Which brings me to the actual point (if there is any) of this rant. It’s not just about unit testing. It’s about everything else too. I just tend to defend unit testing more because I am one of those who had seen the light, and I know exactly when to apply (or not) what I’ve learned. I have been practicing unit testing and TDD for years, but only recently had an epiphany. See, I always thought the problem with the term unit tests was the word test – people simply misunderstand the purpose of this – it’s not really testing anything, it is supposed to expose all the problems with using your API. Unit testing novices almost always will attempt to write the tests for the code they just wrote and will beat it into submission, until it passes. By that time, they have spent 20 minutes sweating, swearing and writing a very long test method, which has no real benefit or value.

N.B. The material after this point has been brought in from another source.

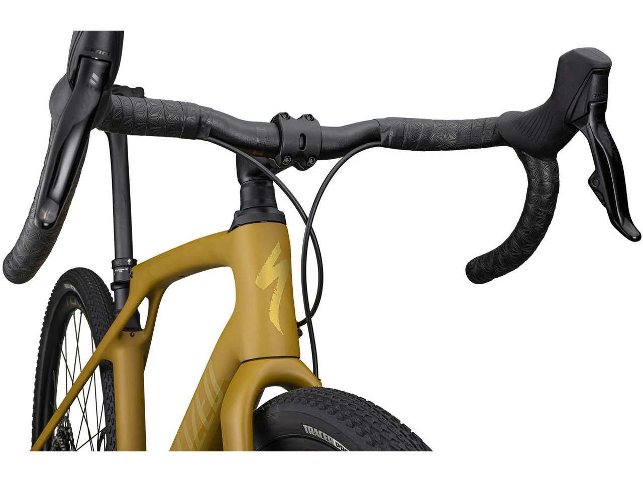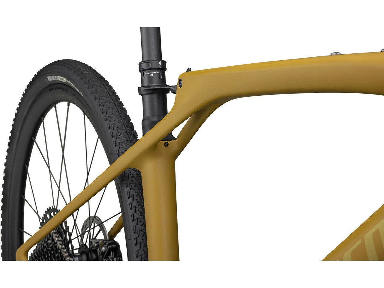 Spezifikationen:Einsatzbereich:GravelLaufradgröße:28″Größen:49 cm, 52 cm, 54 cm, 56 cm, 58 cm, 61 cmMaterial Rahmen:Carbon (11r)Material Gabel:CarbonKomponenten:Rahmen:Specialized Diverge STR, IC093-1, FACT™ 11r Carbon, SWAT-Technologie, Future Shock Fully System, Disc Flat Mount, 12 x 142 mmGabel:Specialized Diverge STR, FC073-1, Future Shock 2.0 mit Dämpfung, FACT Carbon, Disc Flat Mount, 55 mm Offset, 12 x 100 mmVorbau:Specialized Future CompLenker:Specialized Adventure Gear Hover, 103 mm Drop, 70 mm Reach, 12° FlareSteuersatz:Specialized S192500009Sattelstütze:S-Works FACT Carbon, 27,2 mm, 20 mm SetbackSattel:Specialized Body Geometry Power Expert, TitanstrebenKurbel:SRAM Rival 1 Wide, 40 Z Kettenblatt, mit SRAM DUB BSA 68 Wide InnenlagerPedale:ohneBremsen:SRAM Red eTAP AXS, hydraulische ScheibenbremseSchalt-/Bremshebel:SRAM Rival eTap AXSSchaltwerk:SRAM GX Eagle AXSKassette:SRAM NX Eagle PG-1230, 12-fach, 11-50 ZKette:SRAM GX Eagle, 12-fachLaufräder:Roval Terra CReifen:Specialized Tracer Pro, 2Bliss Ready, 700 x 42 mmFreigaben:Gewichtsbeschränkung:100 kg (Framepost 1/8), 125 kg (Framepost 2-7, 9) (Fahrer + Gepäck)Bremsscheibengröße max.:180 mm (VR), 160 mm (HR)Reifengröße max.:700 x 47C, 27,5 x 2,1″Features:STR = Suspend the RiderFuture-Shock-Rear-System für Komfort und Sicherheit auf ruppigen Wegenzur individuellen Anpassung zwei Frameposts mit je zwei Härtegraden im Lieferumfangfür Gravel optimierte GeometrieFuture-Shock-2.0-System für mehr KomfortSmooth-Boot-Design für sauberen Übergang vom Steuerrohr zum VorbauVertrauen und Fahrstabilität in unwegsamem Geländedynamische Lenkung dank eher kurzem Vorbaugrößtmögliche Reifenfreiheitleicht, Rahmen wiegt nur 1,05 kgmit 700C und 27,5″ (650B) Laufrädern fahrbarVielzahl an Montagepunkten für Flaschenhalter und TaschenSWAT-Öffnung im Unterrohrinterne KabelführungSupacaz Super Sticky Kush LenkerbandDiverge STR Sattelklemme aus 7075-T73 Aluminium, 33,3 mmSchläuche mit 48 mm SV-Ventilauch für Dropper Posts geeignetTechnologien:FACT™

I came to realize the real problem with the concept of unit testing. This realization came to me shortly after seeking help (see? I am constantly learning!) on refactoring a mess of a WCF service. Steven (@dot_NET_Junkie) posted an amazing, incredibly-detailed answer on how to approach this type of refactoring. By actually breaking responsibilities into smaller, self-contained components, or units, it suddenly became clear to me that the problem might actually be with the word unit itself – it is not a unit of work or a method or even a class, as it is often defined, but rather a level of abstraction. When all you have is a giant Manager class that takes 9 dependencies, and just one public method, the only possible way you can write a unit test for it is by directly invoking those dependencies – in essence, writing tests for the implementation details of the Manager class, and that’s a big no-no in unit testing – you should not write tests for the implementation details. This is why by adding a 10th dependency to the Manager class, you suddenly have to modify all your other tests to wire this dependency in, and mock it until it fits. This is why tests break and they become hard to write and maintain – they are not testing at the right level of abstraction, not at a unit level.
In this order: Better abstractions lead to better design. Better design leads to better unit tests. Better unit tests lead to quicker responsiveness to change. Quicker responsiveness to change leads to predictable release cycles of working software. And isn’t it what it’s all about?